Kurt hesitates for a moment, but Blaine seems okay. Kurt doesn’t have the impression that he’s plotting anything evil, and, as Kurt can _hear his thoughts_ , that means it’s probably safe. Plus he’s a really good singer, even if he doesn’t technically use his voice, and Kurt is... kind of intrigued by him, if he’s honest with himself. He hands over his iPhone.

“I won’t ask you for yours,” Blaine says as he registers his number. “That way, if you decide you want to, you can contact me, and if you don’t you don’t ever have to hear from me again.”

Kurt takes his phone back and has to suppress a quick smile at seeing that Blaine has entered his own name as ‘Interfering Dalton Guy’. “Okay. Thanks.”

-

Kurt was planning to go back to Lima, but Blaine insists on buying him coffee – “it’s a tradition with newcomers to Dalton,” he says, very seriously, even though it’s clear from his Noise both that it isn’t and that he knows Kurt can hear it isn’t – and Dalton is considerably less terrifying now that he understands a little more about what’s actually going on here, so Kurt acquiesces.

As they walk through the ornamented corridors of Dalton Academy, Kurt notices that there’s a difference between Blaine’s Noise and the Noise of most of the boys they pass. Most of the Noise they hear consists of half-formed ideas, stray words, layer upon layer upon layer of thoughts that would probably be incomprehensible even if they weren’t already packed tightly enough together to make picking out any single line of thought impossible. Blaine’s Noise, on the other hand, is much more controlled, rarely talking over itself, frequently formed of full sentences.

A boy glances at them as he walks past. Kurt hears _Blaine_ and _boyfriend?_ and feels himself flush a little. He sneaks a glance at Blaine to see his reaction. Blaine is wearing a very slight smile, nothing in his Noise but a little humming tune.

“How do you keep your Noise under control like that?” Kurt asks.

“A lot of practice,” Blaine says, with a grin. “We use it to sing, so all the Warblers need to be able to control their Noise. We’re not going to get through Sectionals if the judges can hear us all thinking about what we had for lunch.” He pauses, with a slight, embarrassed cough. “I used to use the picture-the-audience-in-their-underwear trick when I was nervous about performing in public, before the Noise.
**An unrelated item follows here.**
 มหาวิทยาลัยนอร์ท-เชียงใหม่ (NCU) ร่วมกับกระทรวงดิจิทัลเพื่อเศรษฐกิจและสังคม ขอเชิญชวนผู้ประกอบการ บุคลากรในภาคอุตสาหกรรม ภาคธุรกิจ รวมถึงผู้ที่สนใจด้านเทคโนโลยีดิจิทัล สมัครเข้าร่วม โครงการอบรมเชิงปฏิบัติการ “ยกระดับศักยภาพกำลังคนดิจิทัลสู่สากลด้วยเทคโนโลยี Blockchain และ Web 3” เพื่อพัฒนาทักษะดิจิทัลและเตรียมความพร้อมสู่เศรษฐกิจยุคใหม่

I definitely can’t do that any more.”

Kurt takes a moment to marvel at the fact that Blaine ever felt nervous about performing in public – he seemed so confident fronting the Warblers – but he is distracted by a sudden explosion of _DON’T THINK ABOUT THAT DON’T THINK ABOUT IT DON’T THINK ABOUT IT_ from outside. Blaine bursts out laughing.

“If you _can’t_ control your Noise,” he explains, “you have to do that.”

Kurt peeks through the window to see a Dalton boy standing uncomfortably opposite someone who Kurt assumes to be his girlfriend. She looks unimpressed. Kurt is tempted to linger and see how this unfolds, but Blaine puts a hand on his back and guides him away from the glass, tutting exaggeratedly in his head.

“So the key is not thinking?” Kurt asks, as Blaine holds a door open for him. “Because, if that’s the case, I know some excellent potential candidates for the Warblers.”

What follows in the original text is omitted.